The balanced chemical equation is as follows:
2HCl + Ca(OH)2 -> CaCl2 + 2H2O
From the equation, we can see that 2 moles of HCl react with 1 mole of Ca(OH)2. This means the mole ratio between HCl and Ca(OH)2 is 2:1.

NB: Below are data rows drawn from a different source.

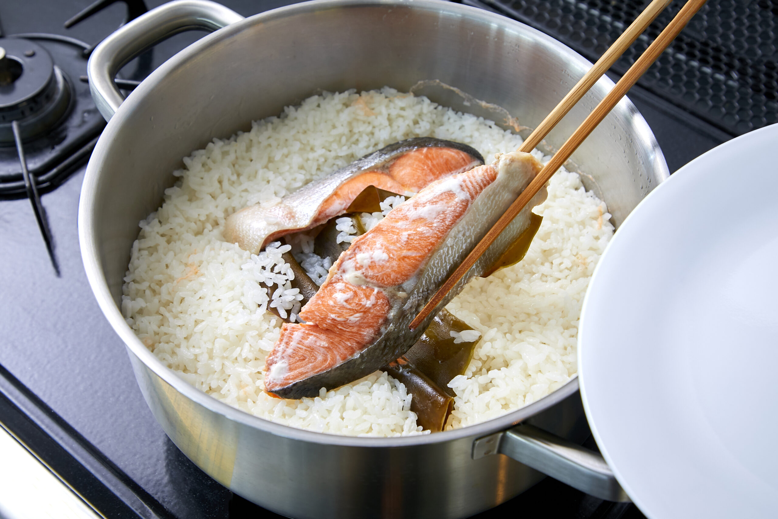 お釜でも代用可。炊き込みにしない場合は、炊き上がったごはんの上にほぐした鮭の瓶詰を散らしてもいいですね。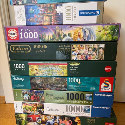 Selger pent brukte puslespill, 100kr pr stk. Den lille havfruen 80kr, mangler en brikke. Askepott, dumbo, disney jul, stitch, panorama og Bambi solgt.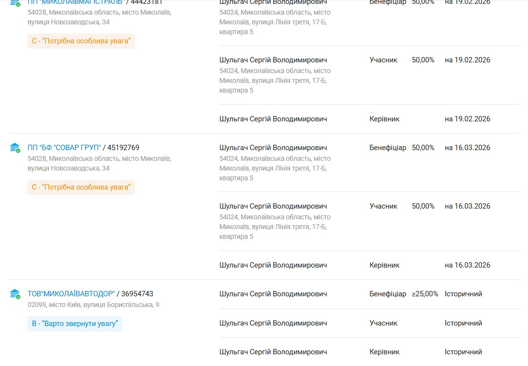 Зазначимо, що у січні «Миколаївводоканал» також шукав підрядника для ремонту доріг після ремонтів. Переможцем обрали приватне підприємство «БФ «Совар груп». Згідно з даними платформи YouControl підприємство зареєстровано в серпні 2023 року. Власниками «БФ «Совар груп» є Шульгач Сергій Володимирович та Шульгач Оксана Іванівна.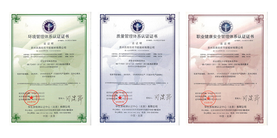 2018年10月23日,貴州西奧輕質節能板材有限公司順利取得質量、環境、職業健康安全管理“三體系”證書!這標志著貴州西奧綜合管理水平上升到一個新的臺階,已經與國際水準接軌,對于增強企業內部管理力、外部競爭力都具有重要意義。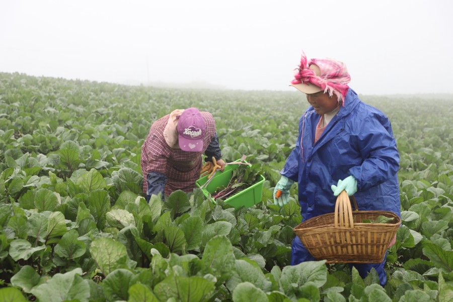 在红油菜种植基地里,小米地村村民蒲恩祝已经工作了两个多月,“在这里干活离家近,白天掐菜,晚上做打包工作,把菜理好再装箱,工作很轻松。”蒲恩祝说,基地工资每天120元,晚上加班每小时10元,这份工作给家里增加了不少收入。
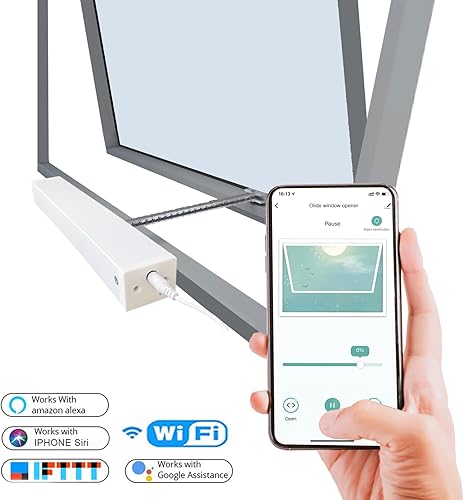 Olide Intelligenter automatischer Aluminium-Fensteröffner mit einstellbarem Hub, funktioniert mit Alexa und Google Home Assistant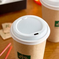 1000CaseNew Roots Translucent Compostable Paper Hot Cup Lid for 10-24 oz. Standard Cups and 8 oz. Squat Cups - 1,000/Case
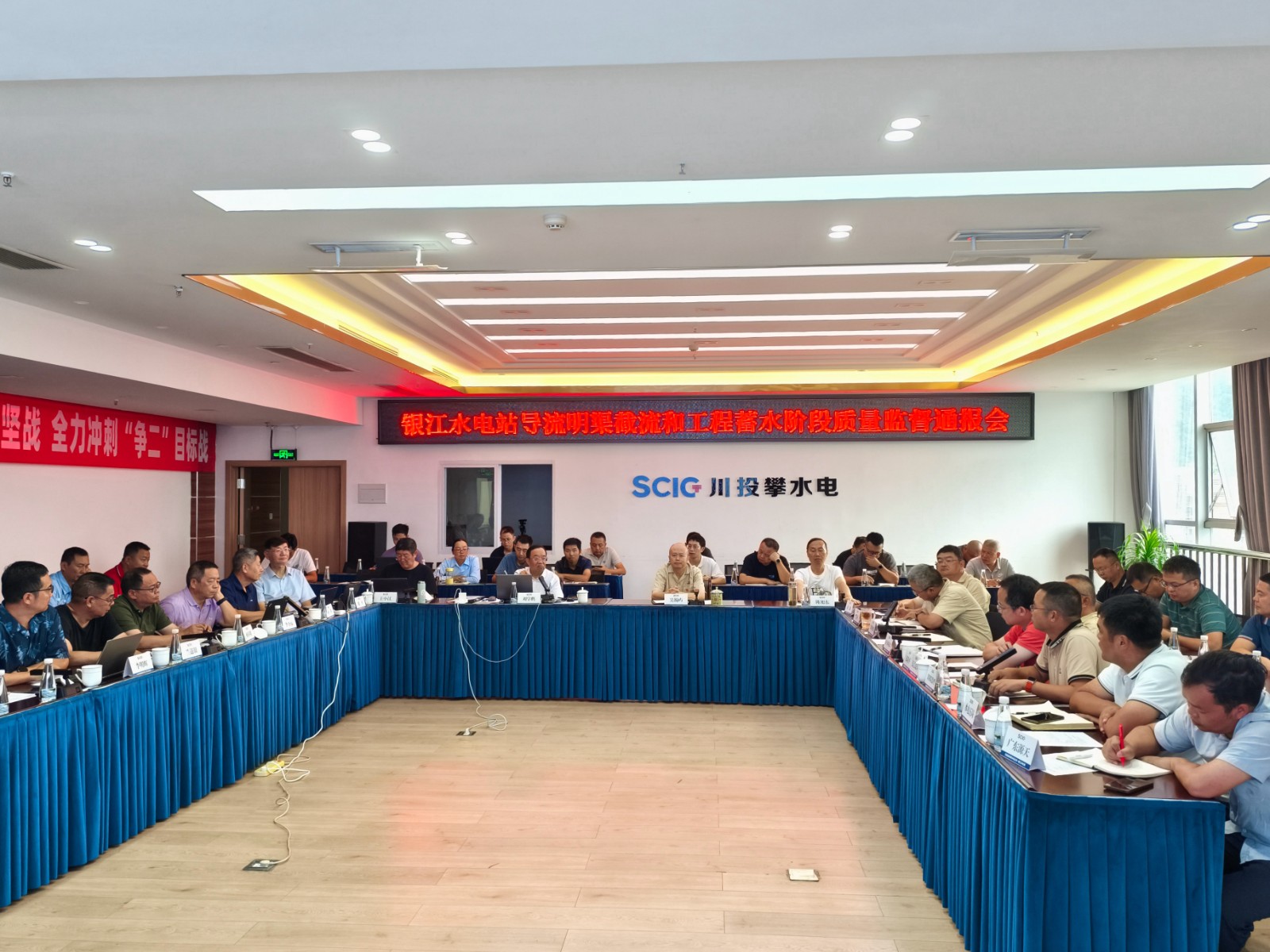 9月21下午,在进行多次检查和交流后,专家组组长刘学鹏在公司2620会议室主持召开了银江水电站导流明渠截流和工程蓄水阶段质量监督通报会,攀水电公司领导、各部门负责人及各参建单位负责人共40余人参加会议。专家组与各参建单位进行了充分的讨论并交换意见,形成了银江水电站导流明渠截流和工程蓄水阶段质量监督报告。报告指出,截至目前,与导流明渠截流及工程蓄水相关的土建工程、金属结构工程、安全监测工程基本完成,剩余尾工及消缺处理等工作已有计划安排并在抓紧施工;导流明渠截流及工程蓄水组织机构已建立,导流明渠截流及工程蓄水技术要求已提交,实施方案完成初稿编制,部分技术文件正在完善中。银江水电站具备择机进行导流明渠截流及工程蓄水条件。

First, we need to calculate the number of moles of Ca(OH)2. We can use the formula:
moles = mass / molar mass
The molar mass of Ca(OH)2 is:
40.08 g/mol (for Ca) + 2 * (1.01 g/mol (for H) + 16.00 g/mol (for O)) = 74.10 g/mol
Therefore, the moles of Ca(OH)2 can be calculated as:
moles = 1.50 g / 74.10 g/mol = 0.0202 mol
Since the mole ratio between HCl and Ca(OH)2 is 2:1, the number of moles of HCl is twice that of Ca(OH)2:
moles of HCl = 2 * 0.0202 mol = 0.0404 mol
Finally, let's calculate the volume of HCl using the given concentration of 0.250 mol/L (or 0.250 mol/L * 1000 mL/L = 250 mol/m^3):
volume = moles / concentration
volume = 0.0404 mol / 0.250 mol/L = 0.1616 L = 161.6 mL
Therefore, the volume of 0.250 mol/L hydrochloric acid neutralized by 1.50 g of calcium hydroxide is 161.6 mL.